Внешне Беатрис ничем этого не проявляла. Она по-прежнему бывала в отеле, даже стала бывать там чаще обычного, иногда посещала с Жюльеном сборища молодых поэтов, где каждый раз ей было отчаянно скучно, и приняла приглашение Клары Эйкенс съездить на недельку «в поля». Они вдвоем прожили десять дней в Торикуре, глухой брабантской деревушке, километрах в шестидесяти от столицы, потом вернулись в опустевший от августовской жары Брюссель. Все это время она была еще молчаливее обычного – и только, но душа ее день за днем корчилась на медленном огне.
После встречи с Фрэнком прошло уже больше месяца. В тот вечер, когда прошло милосердное оцепенение первой минуты, она прежде всего испытала туманящую рассудок ярость от перенесенного оскорбления; в тот момент, она бы не задумываясь убила Фрэнка, окажись он перед ней и будь у нее в руках оружие. Но это схлынуло быстро, и тогда Беатрис поняла самое страшное: за полученную пощечину ей винить некого, потому что пощечина была заслуженной. Оскорбление было нанесено не со стороны, не извне, и это оказалось самым страшным; она сама – дочь Альварадо! – облила себя грязью, растоптав свою честь, свое воспитание, все то, что когда-то давало ей возможность считать себя на полголовы выше всех остальных.
Это сознание своей исключительности, хотя и старательно спрятанное от окружающих, Беатрис привыкла ощущать в себе с самого детства, как нечто совершенно от нее неотделимое, такое же ей свойственное, как ее имя, фамилия или внешность. Все это выражалось для нее короткой формулой: «Я – Альварадо». Она никогда не произносила этого вслух, но довольно часто повторяла мысленно, и этих двух слов всегда оказывалось достаточно, чтобы удержаться от любого поступка, способного в той или иной степени уронить ее достоинство, достоинство урожденной Альварадо.
Чувство собственного превосходства может либо толкать человека на необычные поступки, либо удерживать от обычных. С Беатрис чаще всего происходило последнее; известную поговорку насчет быка и Юпитера она для собственного употребления вывернула наизнанку – «Quod licet bovi…»13.
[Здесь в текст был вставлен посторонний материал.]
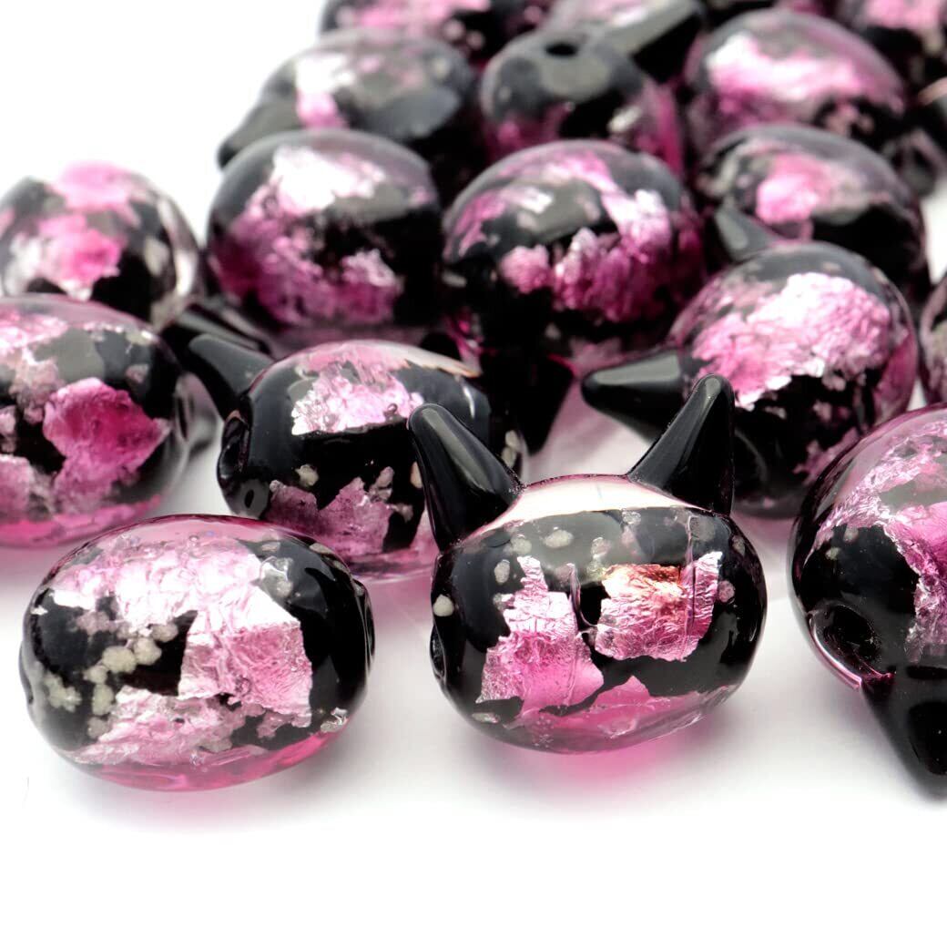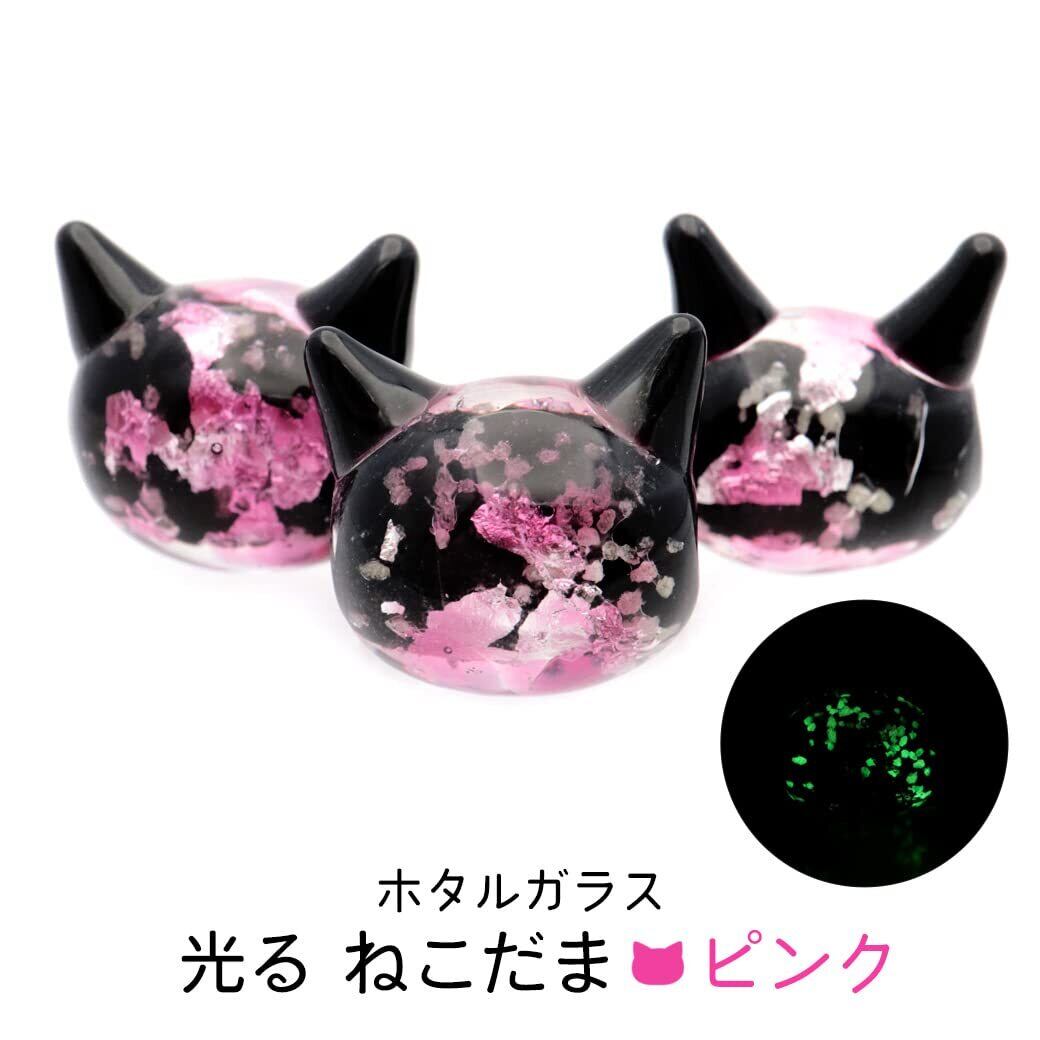 [GOLD STONE] ホタルガラス ねこ ビーズ ピンク 光る 蓄光 パーツ アクセサリー 制作 粒売り手芸 招き猫 沖縄 お土産 にゃんこ とんぼ玉 1粒

Еще в лицее она приучила себя к мысли о том, что ей непозволительно ни сплетничать, ни лгать подругам или профессорам, ни тайком от наставниц надевать модные украшения, выходя на улицу, – все то, что было позволительно для ее подруг, не было позволительным для нее, Беатрис Альварадо. Начинаясь с мелочей, это перешло постепенно и на вещи более серьезные, определив мало-помалу целый стиль поведения, более того – стиль жизни. Бывали, однако, моменты, когда это же самое сознание превосходства вдруг прорывалось обратной своей стороной – ощущением дозволенности того, что не дозволено другим.
То, что произошло в день объяснения с Фрэнком, не имело ни оправдания, ни объяснения ни с какой стороны. Беатрис очутилась перед беспощадным фактом: она, всю жизнь брезгливо сторонившаяся малейшего проявления вульгарности, в трудный момент – в один из тех моментов, когда проверяется истинное, а не показное благородство человека, – повела себя как последняя уличная девка. За это ее ударили по лицу – ее, Альварадо! – и она даже не могла хотя бы на секунду утешиться сознанием того, что стала жертвой несправедливости! Какая там несправедливость! Теперь она по праву была одной из тех, кто получает пощечины.
Потом она вдруг восприняла случившееся под совершенно иным углом зрения. Однажды ночью, когда Беатрис лежала без сна, ей неожиданно пришло в голову то, что не приходило до сих пор, – положение Фрэнка Хартфилда во всей этой безобразной истории.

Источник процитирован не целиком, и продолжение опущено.